# Hello from Houston, Texas



## Reiningcatsanddogs (Oct 9, 2014)

Hello and welcome! I'm in South Central Tx.

If you would like to talk with some people in your area you might want to leave a message here http://www.horseforum.com/horse-talk/texas-horse-friends-125927/page1080/#post7858554 Lots of friendly folks there!


----------



## BigNickMontana (Aug 5, 2013)

Welcome aboard!
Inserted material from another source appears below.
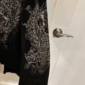 Velour set with rhinestone embellishments and rose decor. Waist band is slightly twisted, as shown in pics, but can be smoothed out. Bottoms are low rise.

Hope you all are staying cool!


----------



## tinyliny (Oct 31, 2009)

there's a whole group of Tx folk. but, maybe you'd like to meet some NOT Tex folk, like a Seattleite?


----------



## gigem88 (May 10, 2011)

Howdy, I'm in the Beaumont area!


----------



## ctcountrygurl (Aug 15, 2015)

Hey girl! I just moved to Pearland (just south of Houston )! Welcome!


----------



## Endiku (Dec 6, 2010)

Hi there! I'm a Houstonian- northwest side- though I'm about to make the trek in January to Denton for my Bachelor's degree.


----------



## AusLiz (Oct 22, 2015)

I just moved from Sydney, Australia to Pearland also.


----------



## TinoIsSoCute (Oct 24, 2015)

Hey! I'm in Houston Tx too!


----------